8.7 Uncertainty with Prediction

Regression (and other prediction algorithms) give us our best guess

But any guess has some uncertainty, prediction error, and potential outliers
Sometimes these errors can be systematic
Even when we use more advanced statistical models
A “best guess” is often better than a random guess– but shouldn’t necessarily be treated as “ground truth.”
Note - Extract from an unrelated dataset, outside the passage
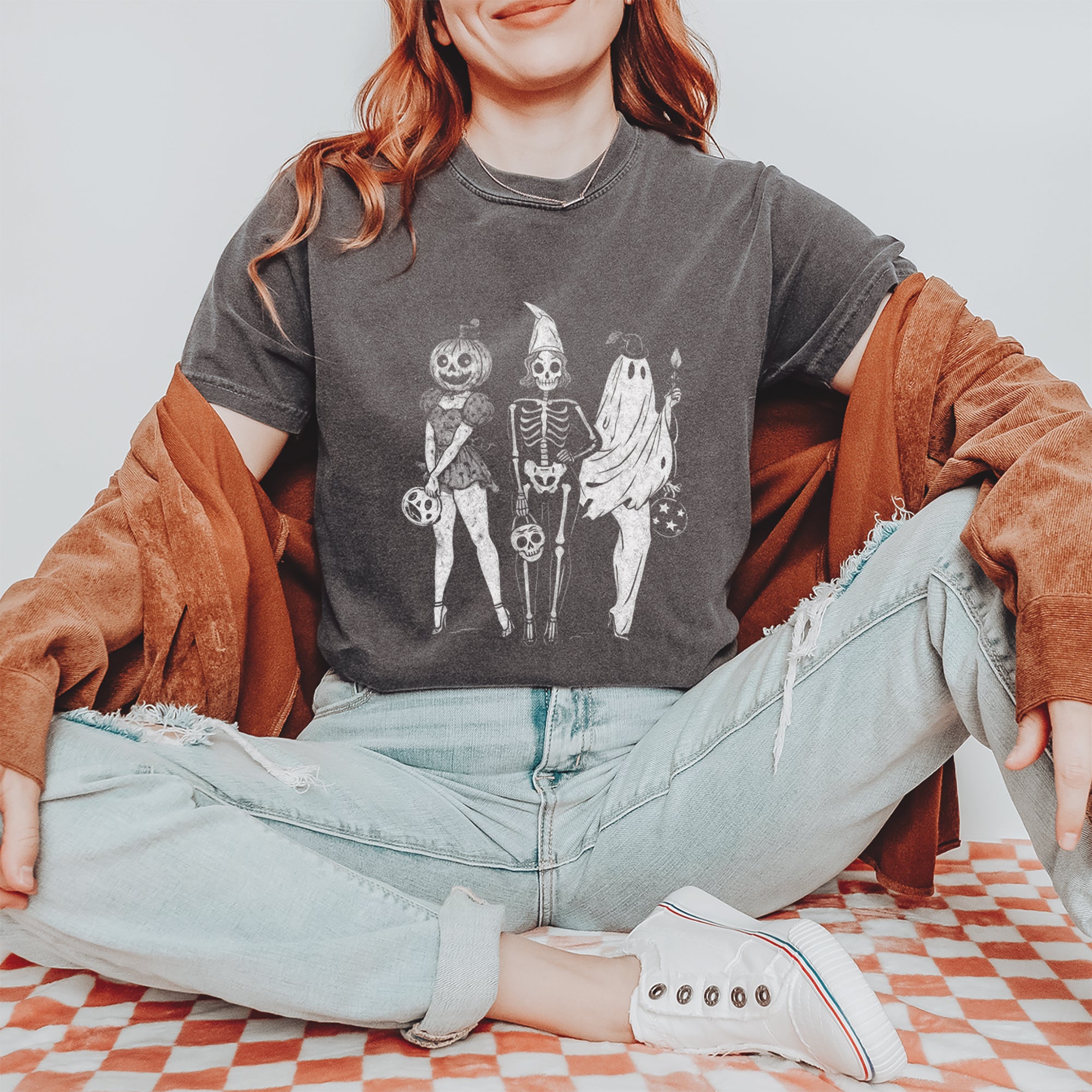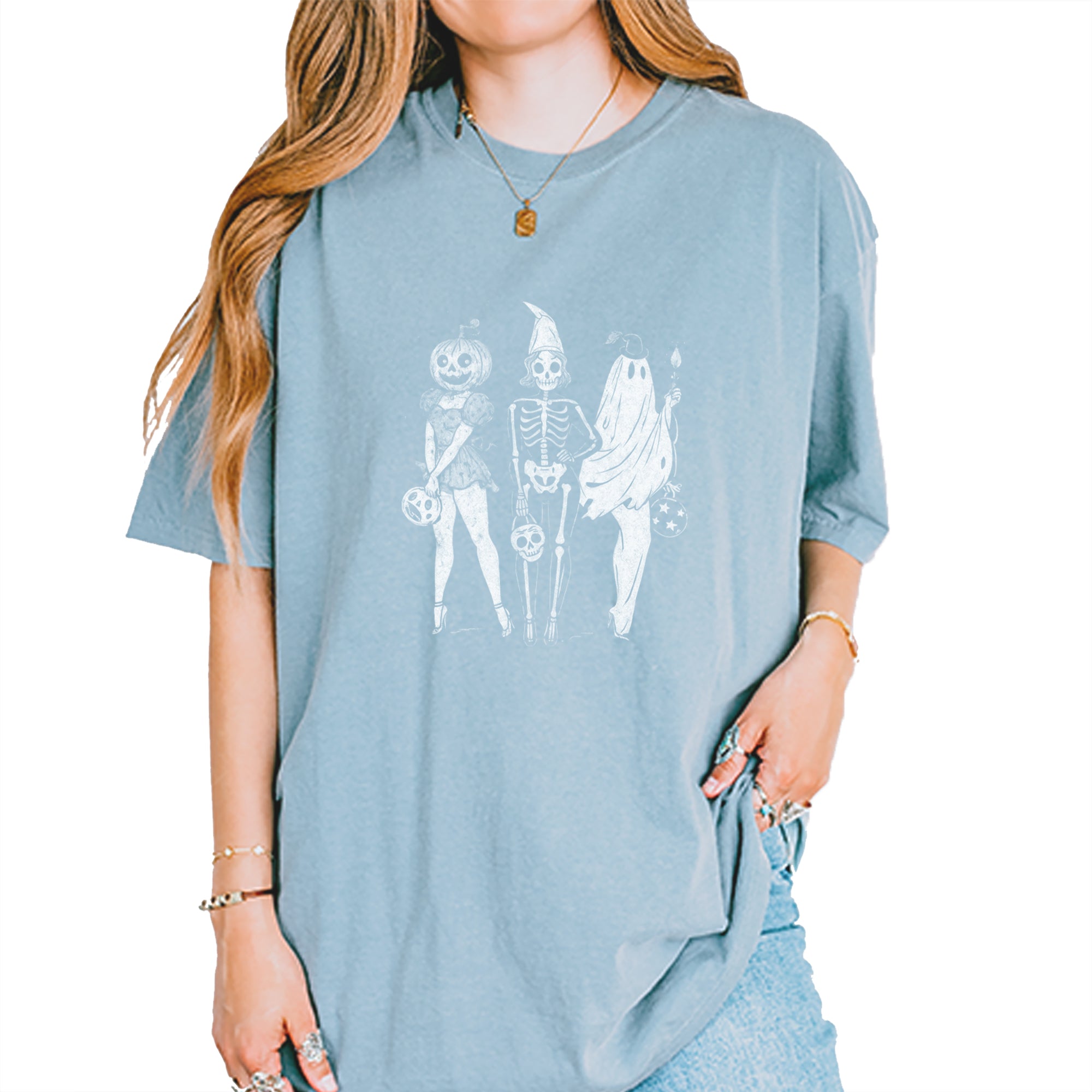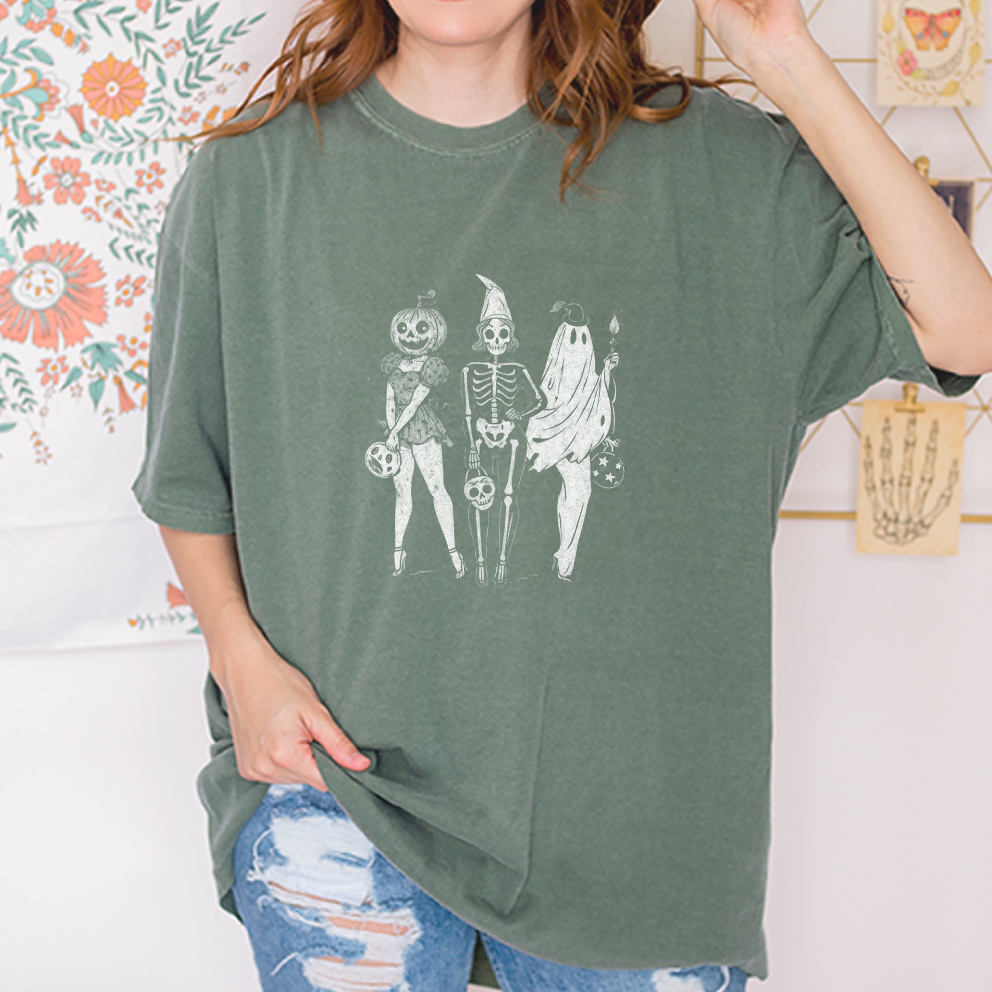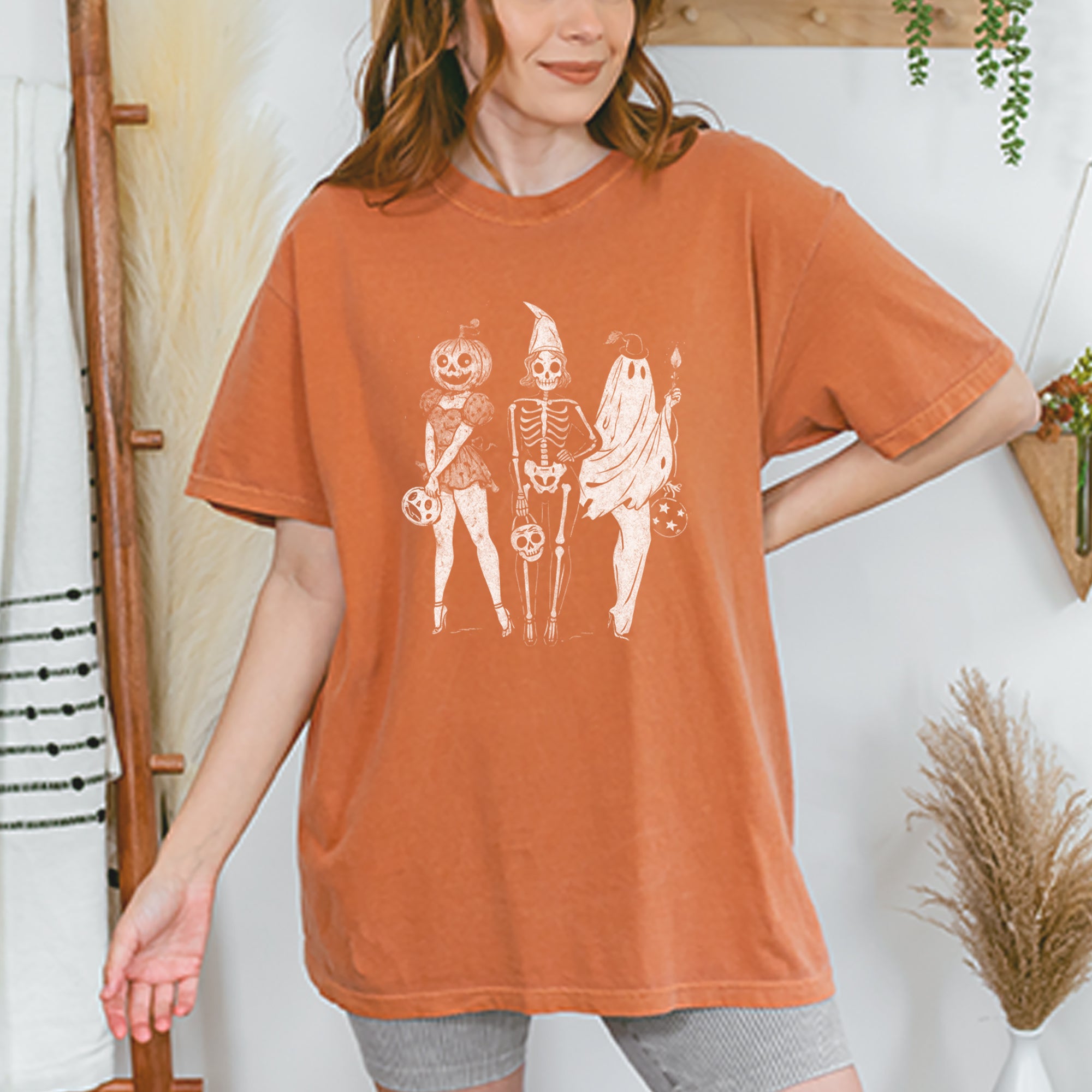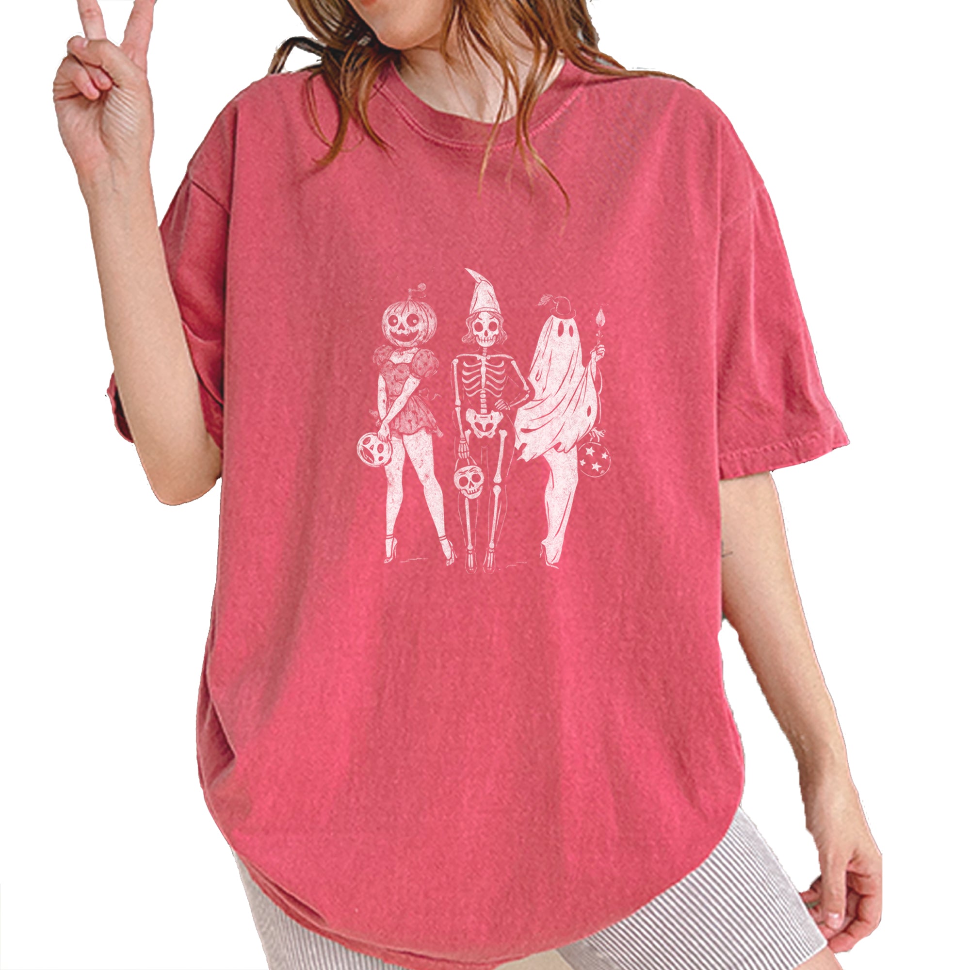 Gather your ghouls with this vintage-inspired spooky squad design featuring a pumpkin head, skeleton babe, and ghostly friend ready for Halloween fun.. A stylish mashup of creepy and cute, perfect for trick or treating, haunted parties, or showing off your retro Halloween aesthetic..

Prediction helps us guess unknowns with observed data, but MUST PROCEED WITH CAUTION

8.7.1 Example: Butterfly Ballot in Florida

In the U.S. 2000 presidential election, the race came down to Florida, which was extremely close. As part of the contest, different counties in Florida came under a microscope. One result that seemed unusual was the amount of votes Buchanan received in certain areas, which seemed to be a result of an odd ballot design choice. In this exercise, we examine voting patterns in Florida during the 2000 election.

For more on the 2000 race, you can watch this video.

Load the data and explore the variables

county: county name
Clinton96: Clinton’s votes in 1996
Dole96: Dole’s votes in 1996
Perot96: Perot’s votes in 1996
Bush00: Bush’s votes in 2000
Gore00: Gore’s votes in 2000
Buchanan00: Buchanan’s votes in 2000

florida <- read.csv("florida.csv")

Chapter 4 in QSS also discusses this example.

Using what you learned from the last section, try to complete the following steps:

Regress Buchanan 2000 votes (your Y) on Perot 1996 (your X) votes
Create a scatterplot of the two variables and add the regression line
Find and interpret the slope coefficient for the relationship between Perot and Buchanan votes
Calculate the root-mean-squared error for the regression and interpret this

Try on your own, then expand for the solution.

For every 1 additional vote Perot received in 1996, we expect Buchanan to receive .036 additional votes in 2000.

fit <- lm(Buchanan00 ~ Perot96, data = florida)
coef(fit)

## (Intercept)     Perot96 
##  1.34575212  0.03591504

In 1996, Perot received 8 million votes as a third-party candidate. Buchanan received less than 1/2 a million. Overall Perot received more votes, but where Perot received votes in 1996 was positively correlated with where Buchanan received votes in 2000.

plot(x=florida$Perot96,
     y=florida$Buchanan00,
     ylab="Buchanan Votes 2000",
     xlab="Perot Votes 1996",  
     pch=20)
abline(fit, lwd=3, col="purple")

sigma(fit)

## [1] 316.3765

A typical prediction error is about 316.4 votes above or below the Buchanan total.

8.7.2 Multiple Predictors

Can we reduce the error by adding more variables?

fitnew <- lm(Buchanan00 ~ Perot96 + Dole96 + Clinton96, data = florida)
coef(fitnew)

##  (Intercept)      Perot96       Dole96    Clinton96 
## 20.572650070  0.030663207 -0.001559196  0.001865809

Again, when we have multiple predictors, this changes our interpretation of the coefficients slightly.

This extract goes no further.